**** Supplied information ****

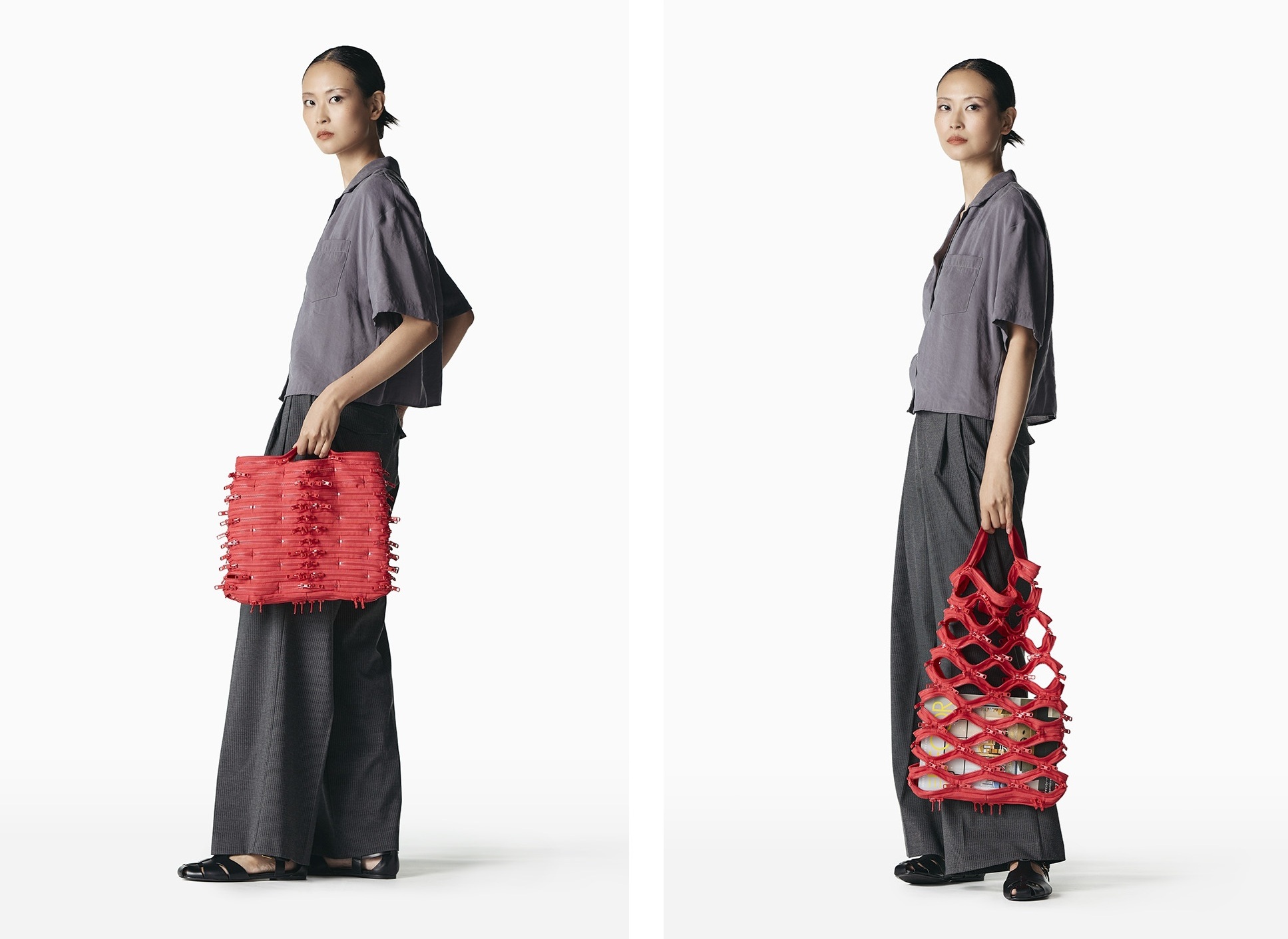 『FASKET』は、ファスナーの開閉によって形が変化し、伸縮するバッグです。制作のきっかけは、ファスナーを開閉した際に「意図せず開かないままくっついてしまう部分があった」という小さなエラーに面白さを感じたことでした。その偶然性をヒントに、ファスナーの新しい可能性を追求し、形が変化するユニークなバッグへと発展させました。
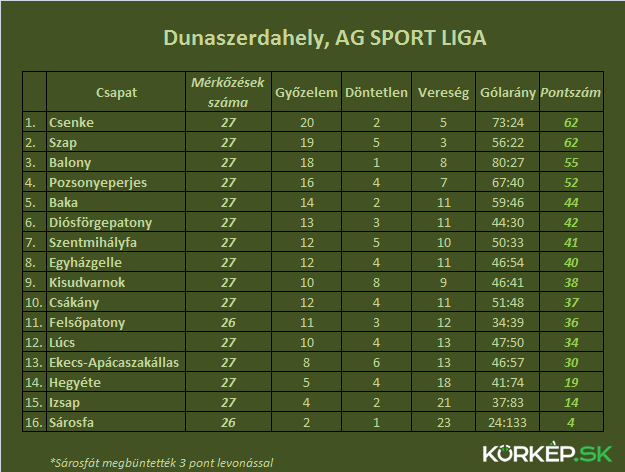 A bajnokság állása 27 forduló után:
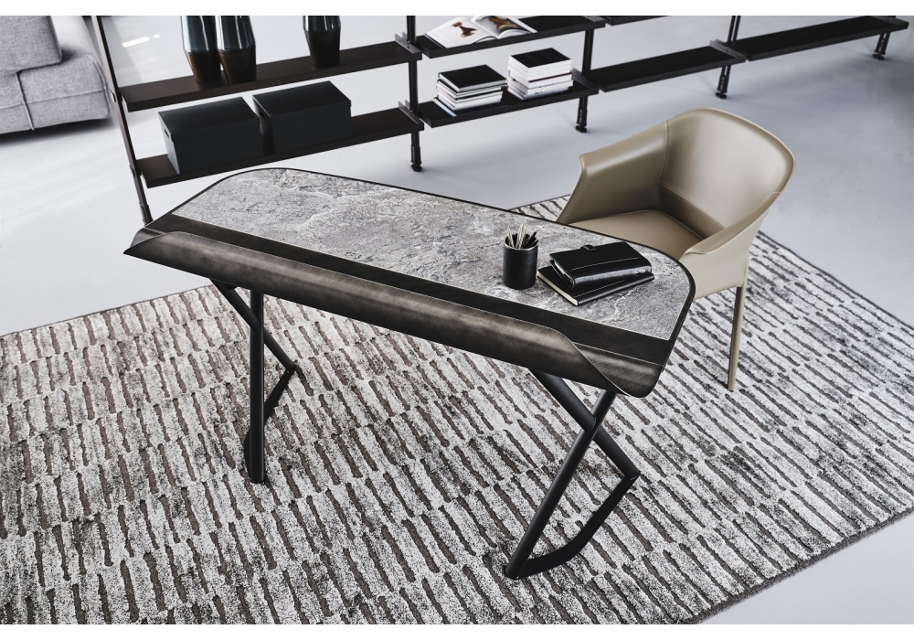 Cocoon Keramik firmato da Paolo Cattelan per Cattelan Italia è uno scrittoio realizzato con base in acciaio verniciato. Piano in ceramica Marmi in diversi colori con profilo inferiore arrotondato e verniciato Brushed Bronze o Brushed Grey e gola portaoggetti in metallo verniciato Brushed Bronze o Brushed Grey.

****

### What you should do
Copy each line above precisely, dropping the pictures.

### Result for this exercise
 『FASKET』は、ファスナーの開閉によって形が変化し、伸縮するバッグです。制作のきっかけは、ファスナーを開閉した際に「意図せず開かないままくっついてしまう部分があった」という小さなエラーに面白さを感じたことでした。その偶然性をヒントに、ファスナーの新しい可能性を追求し、形が変化するユニークなバッグへと発展させました。
 A bajnokság állása 27 forduló után:
 Cocoon Keramik firmato da Paolo Cattelan per Cattelan Italia è uno scrittoio realizzato con base in acciaio verniciato. Piano in ceramica Marmi in diversi colori con profilo inferiore arrotondato e verniciato Brushed Bronze o Brushed Grey e gola portaoggetti in metallo verniciato Brushed Bronze o Brushed Grey.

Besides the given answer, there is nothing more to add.